There was a period in my life, which can be described as 'I hate Vim!!!'..'Vim is nice!'
However, having grown up mostly on Microsoft development IDEs, I've got used to those F5-F11 shortcuts when debugging code, watch window, call stack and the main code - all visible without need to type any GDB commands.
So, here is the question:
Do you use Vim as well for debugging? Or do you switch to some IDE for this purpose? Which one?
For those who use Vim to debug code: are there plugins to set breakpoints in editor, highlight the line we're currently debugging, auto-navigation during step, step into, step out?
Please, don't tell me you use GDB as command line, see only one line which is debugged, etc.
In contrast with the other answers, there are at least three options that do just what you require: clewn, pyclewn and vimgdb.
All three projects are related. vimgdb is a patch against Vim and requires Vim to be recompiled. clewn is a standalone program that communicates with Vim through the Netbeans socket interface.
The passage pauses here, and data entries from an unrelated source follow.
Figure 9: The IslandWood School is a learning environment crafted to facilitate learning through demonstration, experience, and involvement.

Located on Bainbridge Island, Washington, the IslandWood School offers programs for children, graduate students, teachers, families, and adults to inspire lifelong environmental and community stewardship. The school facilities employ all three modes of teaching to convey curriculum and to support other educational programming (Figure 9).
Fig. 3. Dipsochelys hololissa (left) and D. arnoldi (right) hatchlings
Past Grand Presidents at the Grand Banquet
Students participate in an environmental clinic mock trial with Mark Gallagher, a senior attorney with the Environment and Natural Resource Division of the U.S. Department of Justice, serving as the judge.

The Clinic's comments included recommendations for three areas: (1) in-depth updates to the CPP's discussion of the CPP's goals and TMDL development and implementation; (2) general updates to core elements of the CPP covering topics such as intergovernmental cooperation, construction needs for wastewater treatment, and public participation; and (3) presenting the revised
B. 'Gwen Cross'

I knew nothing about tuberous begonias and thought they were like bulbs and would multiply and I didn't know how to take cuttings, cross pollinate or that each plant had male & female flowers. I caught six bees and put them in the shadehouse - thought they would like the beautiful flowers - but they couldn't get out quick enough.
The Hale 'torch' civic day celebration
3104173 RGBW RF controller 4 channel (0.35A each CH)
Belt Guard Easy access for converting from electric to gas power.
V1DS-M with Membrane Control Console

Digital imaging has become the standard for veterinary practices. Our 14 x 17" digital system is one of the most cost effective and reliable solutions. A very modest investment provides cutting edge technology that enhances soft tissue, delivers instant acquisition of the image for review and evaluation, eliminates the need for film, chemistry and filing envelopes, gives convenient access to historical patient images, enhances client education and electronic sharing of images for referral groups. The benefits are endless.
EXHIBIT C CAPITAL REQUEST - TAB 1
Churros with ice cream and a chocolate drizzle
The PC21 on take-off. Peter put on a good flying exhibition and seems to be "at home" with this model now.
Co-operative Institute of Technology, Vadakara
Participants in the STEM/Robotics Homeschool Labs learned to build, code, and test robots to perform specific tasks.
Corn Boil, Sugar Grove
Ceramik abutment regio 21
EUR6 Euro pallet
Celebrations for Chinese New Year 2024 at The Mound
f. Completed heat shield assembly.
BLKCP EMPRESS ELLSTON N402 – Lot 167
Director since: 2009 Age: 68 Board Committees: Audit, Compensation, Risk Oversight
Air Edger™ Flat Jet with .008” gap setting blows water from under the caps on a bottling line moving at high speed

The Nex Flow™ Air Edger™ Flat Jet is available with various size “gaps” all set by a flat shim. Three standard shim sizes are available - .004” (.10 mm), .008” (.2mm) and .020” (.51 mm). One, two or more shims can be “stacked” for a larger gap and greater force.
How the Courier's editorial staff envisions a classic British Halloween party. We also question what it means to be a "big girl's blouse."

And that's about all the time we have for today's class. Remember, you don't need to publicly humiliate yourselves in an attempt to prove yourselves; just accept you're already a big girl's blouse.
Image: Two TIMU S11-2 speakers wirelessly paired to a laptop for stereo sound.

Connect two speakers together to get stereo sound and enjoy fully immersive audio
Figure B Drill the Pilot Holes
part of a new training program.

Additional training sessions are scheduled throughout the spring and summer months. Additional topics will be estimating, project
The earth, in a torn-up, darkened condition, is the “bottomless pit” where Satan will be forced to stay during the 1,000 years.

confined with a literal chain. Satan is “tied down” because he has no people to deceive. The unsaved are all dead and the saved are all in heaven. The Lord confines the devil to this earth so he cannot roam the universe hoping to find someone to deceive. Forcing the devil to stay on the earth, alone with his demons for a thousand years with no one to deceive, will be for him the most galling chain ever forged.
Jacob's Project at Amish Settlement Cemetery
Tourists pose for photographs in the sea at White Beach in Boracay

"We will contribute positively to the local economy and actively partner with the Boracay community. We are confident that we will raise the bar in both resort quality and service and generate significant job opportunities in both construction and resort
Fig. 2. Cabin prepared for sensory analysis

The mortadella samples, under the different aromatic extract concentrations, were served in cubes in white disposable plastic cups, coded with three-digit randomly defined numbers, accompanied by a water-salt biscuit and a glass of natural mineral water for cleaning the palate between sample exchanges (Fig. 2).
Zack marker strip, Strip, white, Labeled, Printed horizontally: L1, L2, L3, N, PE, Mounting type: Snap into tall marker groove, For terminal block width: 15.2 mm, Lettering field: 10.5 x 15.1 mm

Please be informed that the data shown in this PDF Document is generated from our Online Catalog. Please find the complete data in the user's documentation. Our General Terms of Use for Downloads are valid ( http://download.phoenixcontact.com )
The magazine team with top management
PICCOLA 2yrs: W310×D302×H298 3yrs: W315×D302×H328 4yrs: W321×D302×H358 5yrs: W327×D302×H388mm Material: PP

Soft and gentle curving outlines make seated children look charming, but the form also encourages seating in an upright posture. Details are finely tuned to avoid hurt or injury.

This requires Vim to be built with the +netbeans
option (this is the case in recent Linux distributions so it shouldn't be a problem).
To quote from the clewn's website:
Clewn implements full gdb support in the vim editor: breakpoints, watch variables, gdb command completion, assembly windows, etc.
I think you should definitely give it a go.
The homepage of the pyclewn website shows a comparison between the three projects.
A few months ago I tried pyclewn. It was a bit difficult to set up, but it looks well though out and promising. I just did some tests and you could set bookmarks, etc., the usual stuff you would expect from a graphical debugger. I ended up not using it for contingent reasons but I am keen to give it another try.